Posted by: corey3rd | June 23, 2006 at 06:30 PM
"I'm still convinced both formats could fail or end up becoming simply a niche format like Laser Disc"
10 Reasons Why High Definition DVD Formats Have Already Failed:
http://www.audioholics.com/news/editorials/10reasonsHDDVDsfailed.php
I suspect I will end up owning one of these players, and getting at least 5 solid years of use from it. My threshold is 300$ and full studio support. But I definately believe that the adoption curve will be both much slower and ultimately smaller than DVD.
Posted by: Aron | June 23, 2006 at 06:41 PM
"I suspect I will end up owning one of these players, and getting at least 5 solid years of use from it. My threshold is 300$ and full studio support."

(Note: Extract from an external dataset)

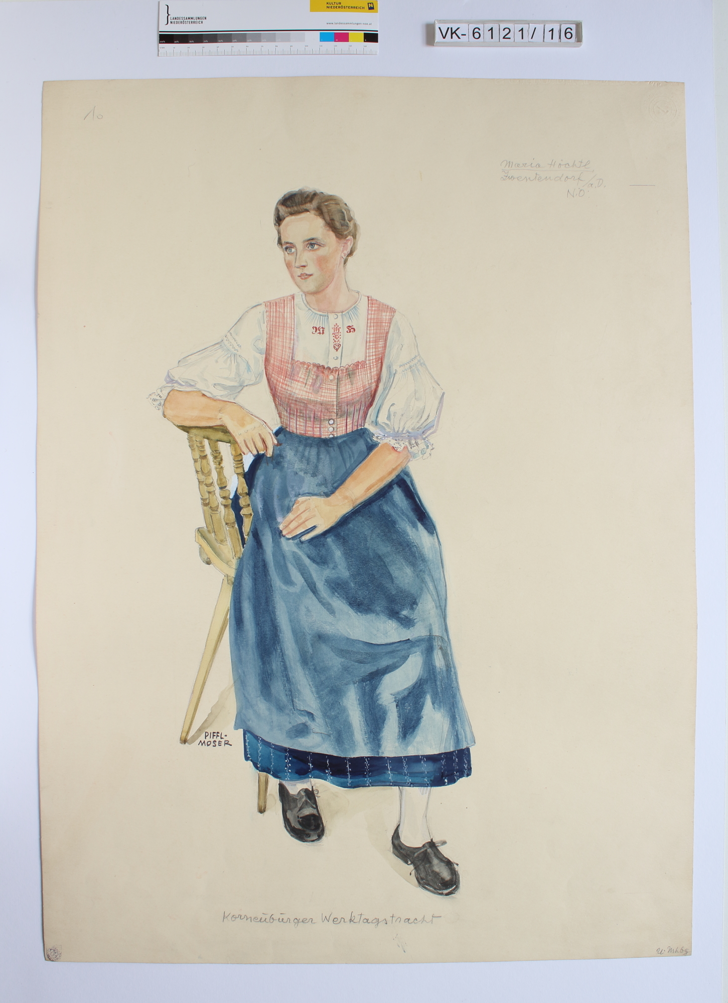 Zeichnung aus der Serie Waldviertler Heimatbilder: "Moser-Piffl/ Korneuburger Werkstagstracht/ U.Mhby/ Maria Höchtl, Zwentendorf /a.D., NÖ"; signiert; Frau auf Sessel sitzend; Eintrag Inventarbuch: "6021: 20 Trachtenbilder aus der Scheibbser Gegend; Aquarelle; siehe Liste III/2-263m-56; lt. Kartei Akt vernichtet (2.7.2001); Erna Moser Piffl (Wien 8, Florianigasse 40/ 123); Vier Studien N.Ö. Trachten. Diese Trachtenstudien sollen auch dem N.Ö. Heimatwerk zur Verfügung stehen (á 400,-): a. Festtracht aus dem nördl. Waldviertel; b. Festtracht aus dem oberen Erlauftal; Burschentracht/ Ybbstal; Männertracht aus dem Weinland"; Eintrag Liste: "Werktagstracht, Frauen, Korneuburg, Aquarell, 62/44"

Your standards are low. I won't buy HD until the prices go below $100 with 10,000 titles, no down-sampling for non-HDCP equipment, no DRM, and no lame copy protection. In short, never. The studios are cheap, short-sighted, and selfish. They fail to see what drives a typical user - value, choice, convenience.
Quality doesn't matter much to most people. The quality of DVD hasn't been fully tapped by the studios. Very few DVDs are reference quality. Many have errors and defects, like missing scenes or dialogue. Every studio is guilty of this, and most don't even bother to replace the defective DVDs already sold. That makes consumers wary of buying things, since they might get stuck with a defective or incomplete copy of a favorite movie.
http://forum.dvdtalk.com/showpost.php?p=2016632&postcount=14
The studios need more quality control on the DVDs and they need to improve their encoding standards. Nobody needs HD, the studios need to start using DVD to its fullest potential. Don't squeeze movie and extras onto a single disc, for example. Use a FULL dual-layer DVD for the movie, and one more for extras. Use higher-quality scanners, like Grass Valley's Spirit 4k Datacine.
Most people can't tell Dolby from DTS audio. Most TVs, even LCD and plasma, look the same whether you view 16x9 movies or letterboxed movies zoomed-in. The devices aren't capable of showing gains in audio or video quality. People who upgrade to HD are mostly kidding themselves. No speakers can sound even half as good as 5-30,000 Hz reference headphones. So, what's the point of having more fidelity when it will just get washed away by playing it back on speakers???